Business strategy and planning for Drowling Mountain Company
Introduction
Drowling Mountain is a skiing company located 45 minutes from Syracuse, New York city. It boasts of having the best skiing hills in the state.
The Drowling company board of management has eight members instead of eleven; they are often unable to come up with solutions for the problems that affect the company. They are unable to make choices on which strategy to adopt in order to increase their revenue. Would a reduction of price, operations or selling the naming right help?
The company’s main aim is to increase their revenues, pay their debts and be able to provide employment local residents (Kotler, 2000). However, they are incapacitated to achieve their objectives due to stiff competition, lack of finances and lack of accurate prompt decision making on problem solutions.
The Drowling Mountain Company was a leading ski resort back in the years. It provided ski services at a community level and also provided other secondary services like food and beverage sales, equipment rentals, ski instruction and lodging as alternative resources. Its high skiing hills were the best in the New York state and welcomed a lot of customers (Kotler, 2000). Syracuse was a home for its employees including the management and held close relations with the local businesses.
The successful trend changed and the company started experiencing a decreasing visitors turn over and it began to rely on the government for aid. The grant was partially sufficient but could not be a sustainable long term solution. The decline in profit is associated with change in ownership over the years and a reduction on customers among other strategic reasons.
The company’s major drawbacks were;
- Competition; the company was unable to compete favorably with three of its main competitors in terms of pricing, location, size and market operations.
- Finances; the company’s continuous loses had decreased its capital reserves and left it with a lot of debts. This made it difficult for the company to initiate any productive project.
- Marketing; the company’s financial constrain could not provide sufficient marketing around New York. The board does not know where to advertise and to whom.
- Pricing; the company charged more than its competitors. The prices attracted less customers and the board had no solution to the problem due to the fear of the customers' reaction to a decrease in prices and an increased in future.
- Operation; though it had six operational sectors, Drowling company operated seasonally during the winter period. The other time of the year was barely utilized for economic purposes. Operational costs were a problem y=to the company due to the persistent losses.
These five components are the major contributors of the poor performance of the Drowling Mountain Company. The solution to these problems would be to look for the appropriate ways of addressing them. Since the main problem is finances, the first step is to put in place measures that address financial constraints.
Recommendations and plan of action
Martin Cartier should initiate the process of turning over the company by cutting on the operational expenses.
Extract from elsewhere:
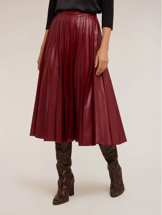 Gonna midi in tessuto spalmato; lavorazione a pieghe; chiusura laterale con bottone e zip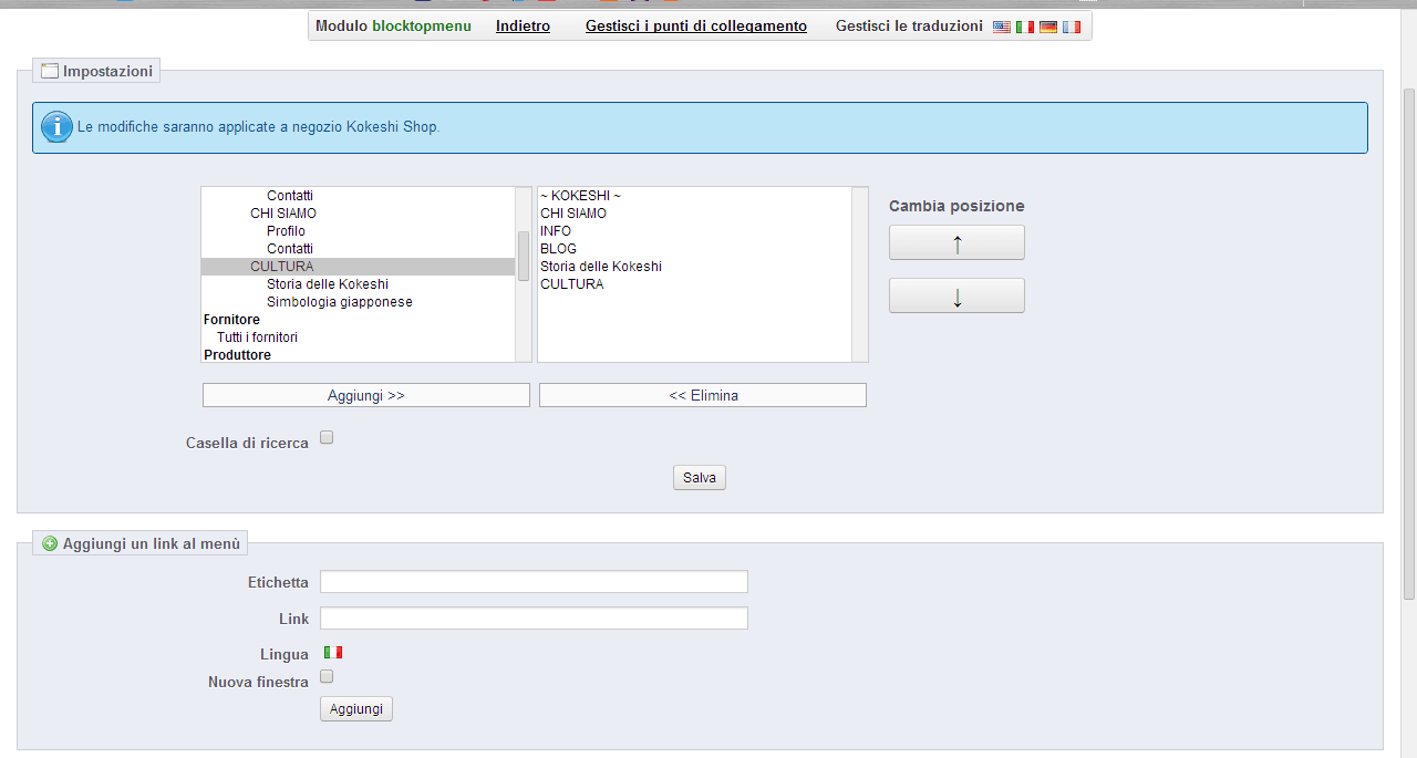 Configurando il modulo top menu io posso aggiungere al menu sia le categorie che le sottocategorie (oltre che un link ex novo).

Seemingly, the company is spending more than it’s earning and may soon lose the support of financiers. Reducing the cost of labor to a level lower than the current level will demoralize the employees and this will have an adverse effect on their productivity and the general productivity of the company (Drucker & Maciariello, 2008). However, the miscellaneous expenses are so high and needs to be reduced by ensuring that expenses are incurred only on the very rudimentary needs. The pricing model needs to be revised accordingly so that it keeps pace with the current trends in the market. Martin Cartier should devise a pricing model that keeps into consideration the current trends in the market and the present needs of the company.
The company can generate additional income if it creates a skiing culture in the population. The management should allocate enough funds for the purpose of enlightening the public on the importance of skiing. The competition in the industry is stiff. This therefore calls for the management of Drowling Mountain to launch a serious advertising campaign beyond Syracuse. The advertisement will increase the sales and apparently the profits will increase (Kotler, 2000). Drowling Mountain should also consider reducing the cost of their services for a short spell so as to attract more customers. The quality of the services it provides is substantial. However, improving the quality further will be an auxiliary advantage as the company will be a notch high than its close competitors and clients are likely to seek its services.
The ski industry in New York employs quite a large number of people. It also generates a good amount of income whose general effect is an economic growth. The vast industry is a source of livelihood to many and the alternative of firing employees should not exist as this might discourage them from spending and this may have an adverse effect on the industry as a whole.
Martin Cartier should also consider investing in other commercial activities as a potential source of income. For instance, the company may invest in the stock market the little revenues that it raises from its meager sales. This will enable it raise additional capital which can in turn be used to finance other important activities such as marketing.
The board members and the entire management might be the source of failure for the company. It is therefore mandatory that their skills and experience be re-examined to ensure that the right people are in the right positions (Drucker & Maciariello, 2008). They need to possess the skills and knowledge that is relevant in solving management issues in the contemporary business world.
The credit sales should be tried as much as possible as most customers delay in paying and therefore inconvenience the company’s operations. The credit period should considerable be reduced so that customers pay for services as soon as possible.
If the above recommendations are put into action, the company’s performance may improve considerable whipping most of its competitors. The competition in the ski industry will also increase and the general economy of New York is bound to grow. The company has the potential to grow. However, the right strategies, measures and policies need to be put in place.
References
Drucker, P. F., & Maciariello, J. A. (2008). Management. New York, NY: Collins.
Kotler, P. (2000). Marketing management. Upper Saddle River, N.J: Prentice Hall.